◆ SOURCE MATERIAL ◆

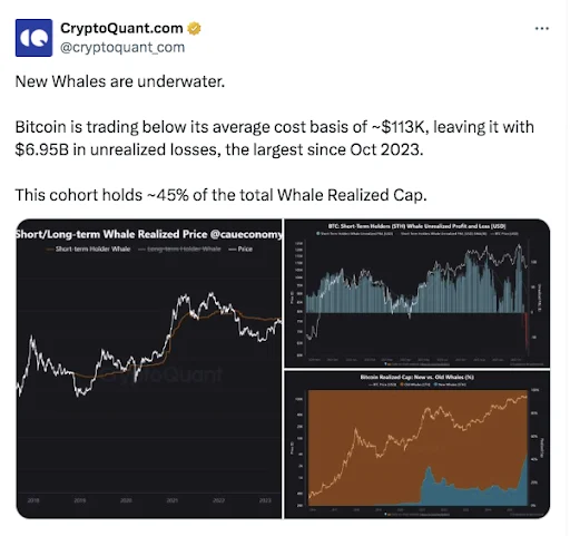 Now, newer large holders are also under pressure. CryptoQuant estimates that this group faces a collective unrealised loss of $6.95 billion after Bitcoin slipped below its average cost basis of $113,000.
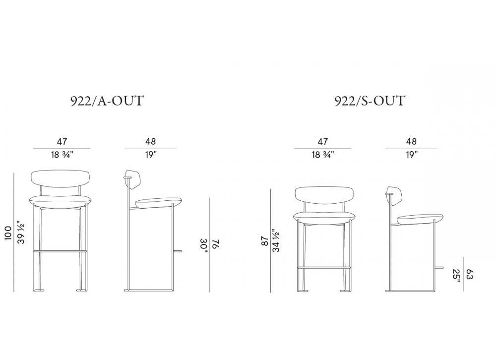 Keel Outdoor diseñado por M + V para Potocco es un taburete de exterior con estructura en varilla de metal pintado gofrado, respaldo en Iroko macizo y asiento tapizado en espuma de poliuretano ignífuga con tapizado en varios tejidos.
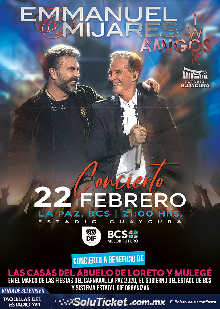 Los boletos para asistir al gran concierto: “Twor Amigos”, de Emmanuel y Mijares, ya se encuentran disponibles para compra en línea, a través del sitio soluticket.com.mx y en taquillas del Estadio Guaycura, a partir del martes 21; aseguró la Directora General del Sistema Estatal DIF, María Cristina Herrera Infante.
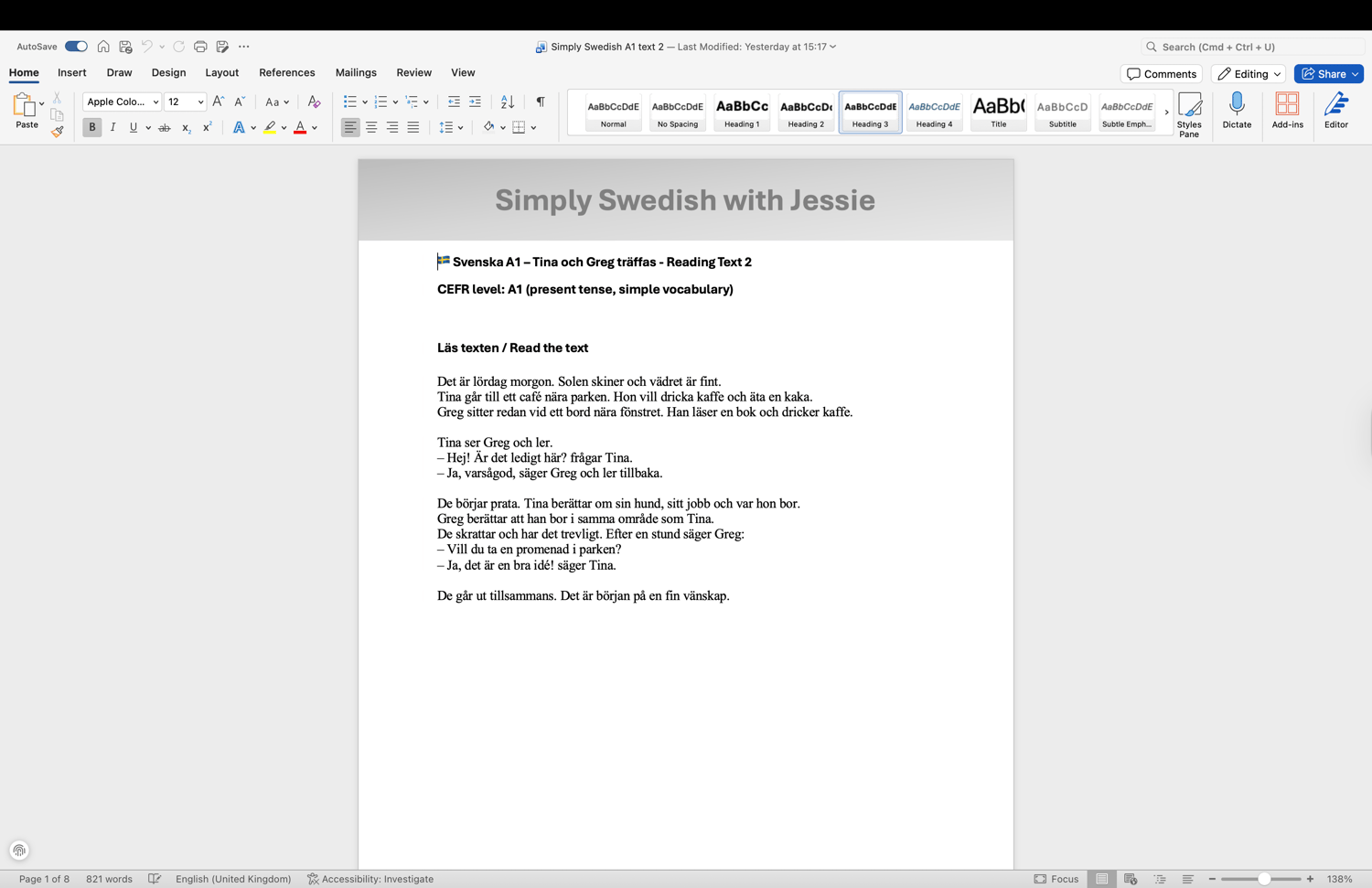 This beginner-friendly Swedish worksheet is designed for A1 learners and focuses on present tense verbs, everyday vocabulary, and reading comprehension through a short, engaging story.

◆ REQUIRED WORK ◆
Leave out the pictures, then reproduce exactly the run of lines from the one that contains "Los boletos para" to the final line of the listing above.

◆ OUTPUT ◆
 Los boletos para asistir al gran concierto: “Twor Amigos”, de Emmanuel y Mijares, ya se encuentran disponibles para compra en línea, a través del sitio soluticket.com.mx y en taquillas del Estadio Guaycura, a partir del martes 21; aseguró la Directora General del Sistema Estatal DIF, María Cristina Herrera Infante.
 This beginner-friendly Swedish worksheet is designed for A1 learners and focuses on present tense verbs, everyday vocabulary, and reading comprehension through a short, engaging story.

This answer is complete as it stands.